I have a morton code library in rust that just uses BMI2 and wanted to use magicbits when BMI2 was not available. For testing, I used an invariant of the form:
fn invariant<T: Int>(v: T) {
{ // 2D
let (x, y) = morton_decode_2d(v);
let vs = morton_encode_2d(x, y);
assert_eq!(v, vs);
}
{ // 3D
let (x, y, z) = morton_decode_3d(v);
let vs = morton_encode_3d(x, y, z);
assert_eq!(v, vs);
}
}
for many integer ranges. I am testing for all u8
, u16
, [u16::max as u32, u16::max as u32 - 1000000]
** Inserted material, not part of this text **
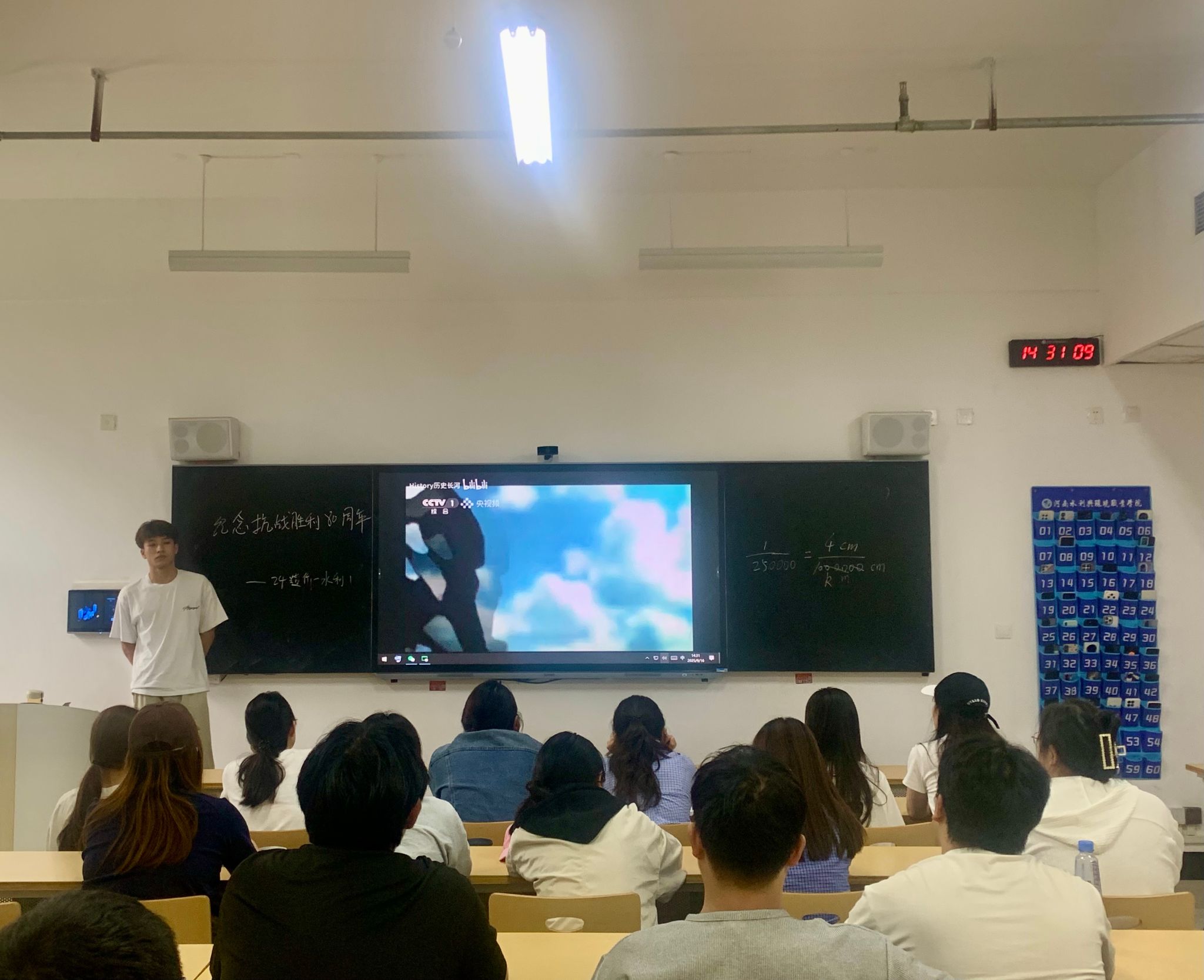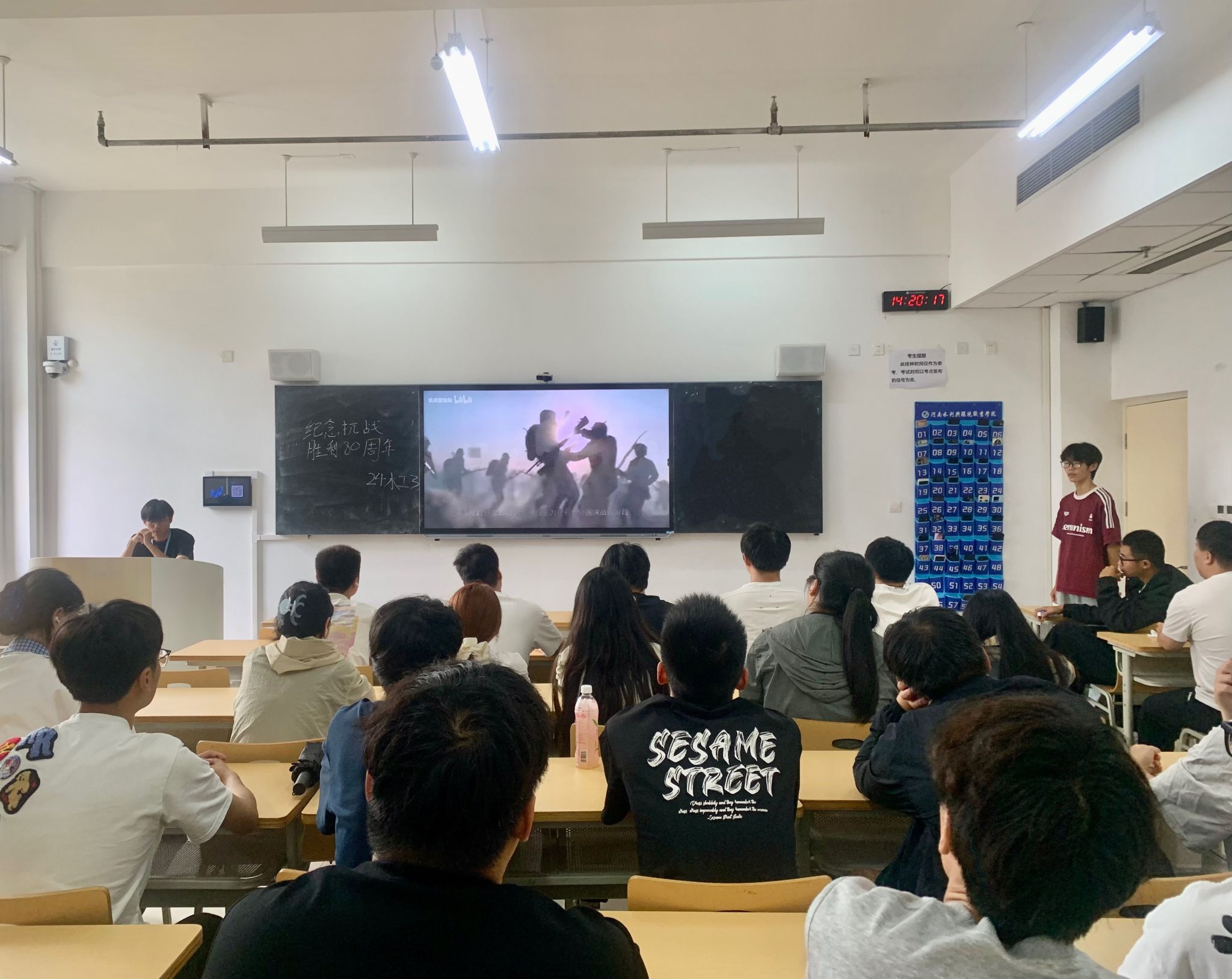 团课现场庄重热烈,同学们沉浸于红色历史的厚重与民族精神的洗礼之中。通过历史影像、抗战故事讲述和专题纪录片展播,大家深入了解了抗日战争艰苦卓绝的历程和伟大胜利的深远意义。荧幕上烽火岁月的真实画面、英雄先烈的感人事迹,令在场学生肃然起敬,神情专注。同学们在看到战士们奋勇作战片段时,现场多次肃然无声,部分同学感动不已、热泪盈眶。

, [u32::max - 1000000, u32::max]
, [u32::max as u64, u32::max as u64 - 1000000]
, [u64::max - 1000000, u64::max]
.
The BMI2 version always passes all tests correctly so it must be at least be a bug with my implementation.
I needed to change your magicbits implementation for the 2D case to:
// 2D decode 32-bit:
x = x & MORTON_MASK2D_U32[5];
x = (x ^ (x >> 1)) & MORTON_MASK2D_U32[4];
x = (x ^ (x >> 2)) & MORTON_MASK2D_U32[3];
x = (x ^ (x >> 4)) & MORTON_MASK2D_U32[2];
x = (x ^ (x >> 8)) & MORTON_MASK2D_U32[1];
x = (x ^ (x >> 16)) & MORTON_MASK2D_U32[0];
// 2D encode 32-bit:
x = (x | x << 16) & MORTON_MASK2D_U32[1];
x = (x | x << 8) & MORTON_MASK2D_U32[2];
x = (x | x << 4) & MORTON_MASK2D_U32[3];
x = (x | x << 2) & MORTON_MASK2D_U32[4];
x = (x | x << 1) & MORTON_MASK2D_U32[5];
// 2D decode 64-bit:
x = x & MORTON_MASK2D_U64[5];
x = (x ^ (x >> 1)) & MORTON_MASK2D_U64[4];
x = (x ^ (x >> 2)) & MORTON_MASK2D_U64[3];
x = (x ^ (x >> 4)) & MORTON_MASK2D_U64[2];
x = (x ^ (x >> 8)) & MORTON_MASK2D_U64[1];
x = (x ^ (x >> 16)) & MORTON_MASK2D_U64[0];
// 2D encode 64-bit:
x = (x | x << 32) & MORTON_MASK2D_U64[0];
x = (x | x << 16) & MORTON_MASK2D_U64[1];
x = (x | x << 8) & MORTON_MASK2D_U64[2];
x = (x | x << 4) & MORTON_MASK2D_U64[3];
x = (x | x << 2) & MORTON_MASK2D_U64[4];
x = (x | x << 1) & MORTON_MASK2D_U64[5];
to make it pass this test. I am still having trouble with the 3D version though...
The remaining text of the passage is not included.